The never ending responsibility
It’s also going to be a continuous responsibility - those who get the Hybrid Reliability stamp of approval should check and recheck throughout the year, in case architectures or components subtly change.
“Companies are coming to us who have either had a large outage in the past, or are concerned they don’t know how resilient they are,” Traver says. At the time of writing, no stamps of approval have been issued, but those working towards them include a cloud database spread across multiple locations that “recently had a bit of an outage,” and wanted to know: “Why did we not see this coming?”
Uptime consultants will carry out the assessment over the course of a week or so. During that time, Traver expects some flaws will be found and fixed, and the process should educate the in-house staff to a level where they can self-assess to stay online until the next audit: “It will be like going for your annual physical.”
Uptime plans to cover what happens in the event of a failure, perhaps helping the provider define a degraded service level, which should help in aligning expectations with what can be delivered.
So has the cloud changed everything? Actually no, says Newcombe. It is just making visible a gap between customer assumptions and reality which has always existed in conventional data centers.
For instance, a data center which promises 99.95 percent uptime or “four nines” might imply the site will be down for less than 0.05 percent of the year - about four hours. However, Newcombe points out: “Your outsourced provider might well be entitled to take a couple of hours every Sunday.” Over a year this would massively outweigh the 0.05 percent allowed for unplanned outages - and would also probably be longer than outages in cloud services over that time.

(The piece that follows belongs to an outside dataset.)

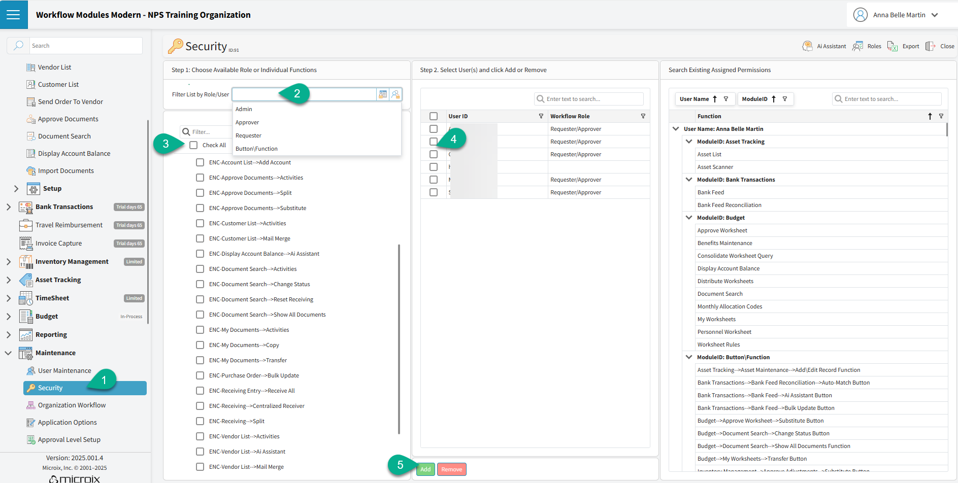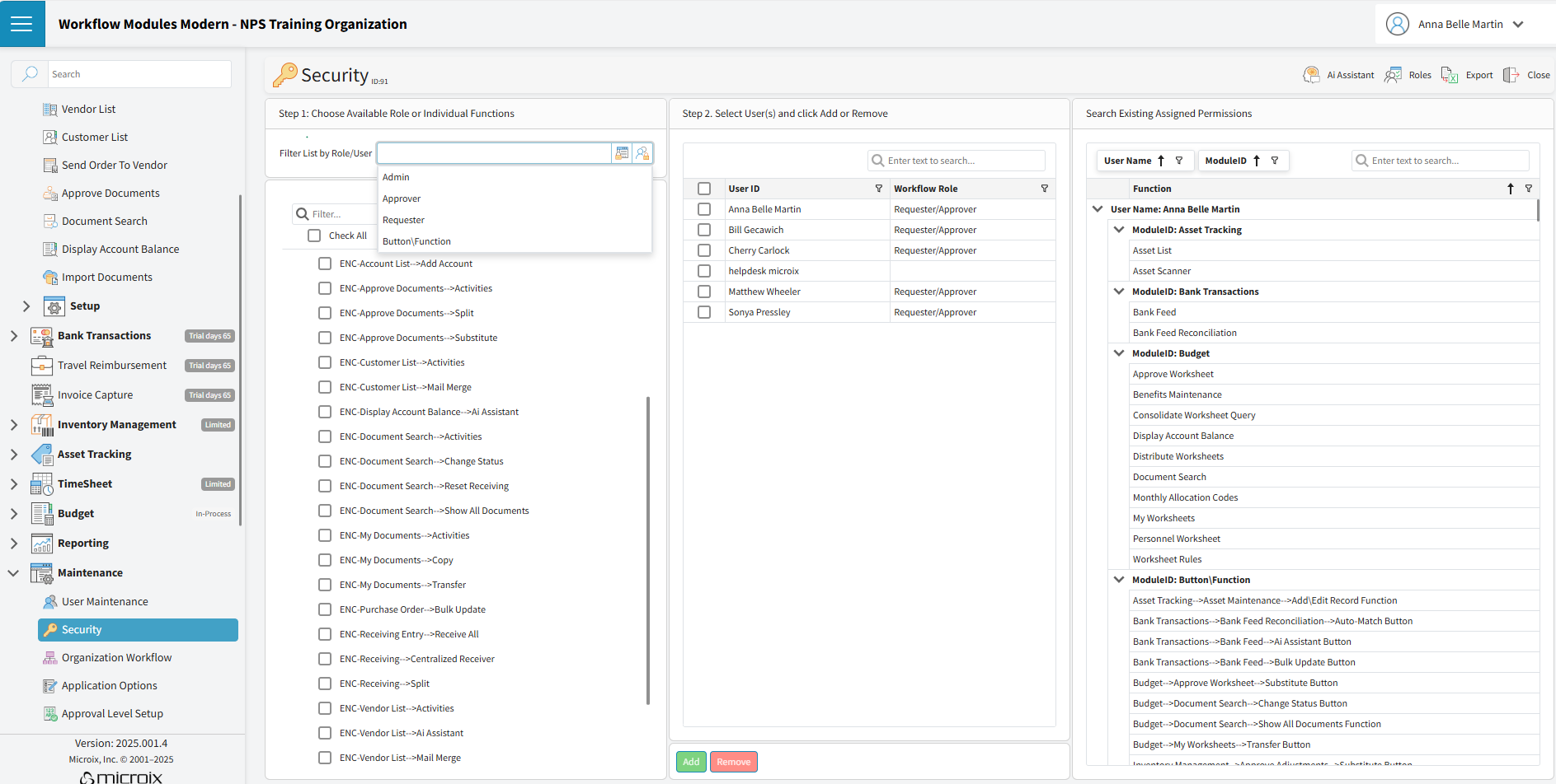 It’s best to assign users to workflows before granting permissions. Doing so helps you clearly identify who will serve as Requesters and Approvers, allowing you to filter users accordingly when applying each role.

Bringing this issue to the surface could benefit everyone, because the techniques used in web service design are available, to some extent, to all. When services have been broken up, the architect should be able to decide how critical each part of the service is, how important is the data it produces, and how vital its availability really is.
Marketing retweets may be expendable, but paid transactions are not. The data in the payroll system is crucial, but it only needs to be continuously available for a short period when the wages are being calculated.
More fundamentally, firms are relying on legacy applications which are simply not written in a way which is compatible with the cloud, or with modern microservice architectures. “Legacy apps should have been rewritten that way in the ‘90s, but they weren’t,” Newcombe says.
Such apps can be run fairly well in legacy data centers, but they can’t be migrated into the cloud in a stable way. Breaking those applications up and moving them to web services will be fantastically complex. And while it may be tempting to blame this crisis on the cloud, the real culprit is the inertia which has left those legacy applications in use.
“We need to have apps which are fault isolating and degrade gracefully,” Newcombe says. “That is an entire discipline that people like Netflix have got right, and other people have got wrong.”
In the end, the cloud model is inevitable, and users and businesses must adapt to it. In doing so, users will be changing one set of risks and threats for a different set of risks - and hopefully increasing their awareness in the process.
“If you already own your own data center it’s an extraordinarily cheap resource if you can run it,” Newcombe adds. It’s also the best place to keep legacy applications like SAP which are designed to run there.
The in-house data center will continue to be popular with companies wanting control of customer data, either because of measures like Europe’s GDPR, or simply because they just like to have control.
Cloud infrastructure will be more open and usable, and - if done correctly - the cloud model can match or exceed the reliability of over-complicated enterprise data centers.
Whichever way you move, the important thing will be to understand the trade-offs you are making.